Hydrocarbon Engineering,

The Odessa-Brody oil pipeline expansion

Ukraine and Poland resumed negotiations in April on the expansion of the Odessa-Brody oil pipeline (OBOP). Built in 2002, the 674 km pipeline connects Ukraine’s cities of Odessa and Brody. The OBOP was initially meant to be used for importing Caspian oil for Poland and through that country for other parts of Europe. However, lack of progress on that project prompted Ukraine to use it for importing Russian oil for exporting to the mentioned markets requiring the reversal of the pipeline’s flow. Poland has been interested in connecting the pipeline to its oil grid for a decade to compensate for any loss of Russian oil through the operating Druzhba pipeline, should Russia decrease the flow of oil through the latter. It is unclear how this project could become a reality given the growing tension between Russia and Ukraine, which could affect in some form Russia’s oil exports to its Slavic neighbour.

Statoil pipeline projects

Statoil has taken initiative for two projects.

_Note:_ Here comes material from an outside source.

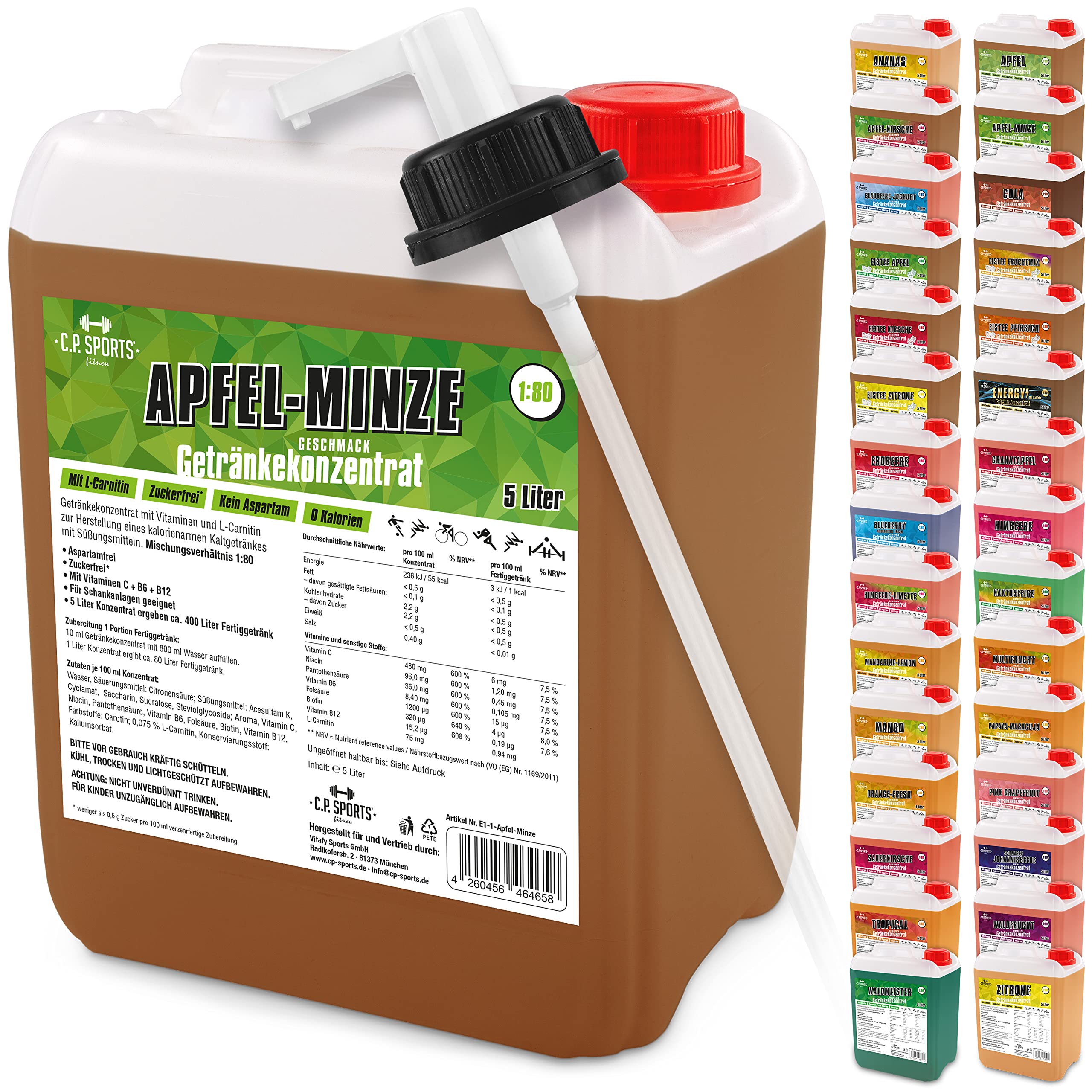 Scope of delivery: 1 canister 5 liters of beverage concentrate dosing pump-flavor: apple mint.Qualitative!C.P.Sports is the brand when it comes to everything that is essential for your training.We have an extensive range of strong products for strong people at home and abroad and are Germany's largest manufacturer and supplier of first-class cafts sports, bodybuilding and fitness equipment.Economically: particularly productive mixing ratio 1:80 (2.5 ml concentrate with 200 ml of water results in one portion - 1 liter concentrate is sufficient for approx. 80 liters of finished drink).The filling quantity of a 5 -liter canister thus results in up to 400 liters of finished drink, ideal for long and economic reach with commercial serving.PROFESSIONAL!Delivery in a 5 -liter canister, suitable for bar systems and tap systems, for example in gyms.Including a practical and easy to clean C.P.Sports dosing dispenser, for simple and accurate dosing (5ml pump stroke), with a screw cap DIN standard thread of 45mm.YUMMY!Aspartam-free and low-calorie beverage concentrate for the production of refreshment drinks for sports and leisure-sugar-free and without artificial dyes, with natural flavors, from purest spring water, with L-carnitine and various vitamins.Numerous delicious flavors from pineapple to lemon.

In March, the Norwegian company contracted Fugro GEOS to provide measurements for the construction of two pipelines necessary for its route selection and reducing risks and costs. One is an oil pipeline, which will run from the Johan Sverdrup Field (west of Stavanger/Norway) to the Mongstad Terminal (near Bergen in western Norway), and the other is an export gas pipeline from the same field to be connected to Kasto/Norway. The measurements are scheduled to be completed in 15 months.In January, Statoil decided to scrap the Kristin Gas export project in the Norwegian Sea because of its unsustainable economic nature.

The Mediterranean region

Turkish-Bulgarian pipeline

In January, Turkish Energy and Natural Resources Minister Taner Yildiz and Bulgarian Economy and Energy Minister Dragomir Stoney decided to build a 144 km gas pipeline between the two countries. In March, the Bulgarian Ministry of Economy and Energy announced its full support of the gas grid interconnection and called for a swift timetable for its realisation. Construction is set for the end of 2014 and is expected to be completed in two years. The project’s specifics, including its cost, are yet to be announced.

The Trans-Anatolian pipeline

TANAP is a major planned project. Its Intergovernmental Agreement and MoU was signed in July 2012 between Azerbaijan and Turkey. Designed to be connected to the TAP, the 1841 km pipeline, also known as the Trans-Anadolu, is envisaged to initially transport 16 billion m3/yr of gas from Shah Deniz Phase 2 to Europe, passing through Georgia and Turkey, of which 6 billion m3 is meant for Turkey’s domestic use and the rest will be exported to Europe. Its capacity could be increased to 31 billion m3/yr. On 28th May, TANAP awarded Worley Parsons a five year contract for the supply of engineering, procurement and construction management services.

Israel-Turkish pipeline

In June, Turkish Company Turcase announced that it is considering to build a 500 m undersea gas pipeline from Israel’s Leviathan Field to Turkey. The field was discovered in 2010 in the eastern Mediterranean Sea areas off the cost of Israel, about 130 km west of Haifa and about 57 km south-west of the Tamar Gas Field. Having estimated gas and oil reserves of 122 trillion ft3 and 1.7 billion bbls, respectively, the field is being developed by Houston-based Nobel Energy (39.66%), Delek Drilling (22.67%), Avner Oil Exploration (22.67%) and Ratio Oil (15%). At the estimated cost of US$ 2 billion, the proposed Turkish project is expected to carry 7 - 10 billion m3/yr.

Israel-Egypt pipeline

In June, Delek Drilling, a stakeholder in the Leviathan Field, announced negotiating with British Company BG for supplying its plant in Idku/Egypt with 7 billion m3/yr of gas for 15 years. The project requires an underwater pipeline whose specifics are not known at this stage. The announcement followed a preliminary agreement in May between another field’s stakeholder, Noble Energy, for selling 2.5 trillion ft3 of gas to Union Fenosa Gas SA to feed its liquefied natural gas plant in Egypt through a pipeline whose specifics are yet to be announced. The two projects are especially important for reflecting a reversal of the Israeli-Egyptian gas ties, as Egypt was until 2012 the major gas supplier to Israel.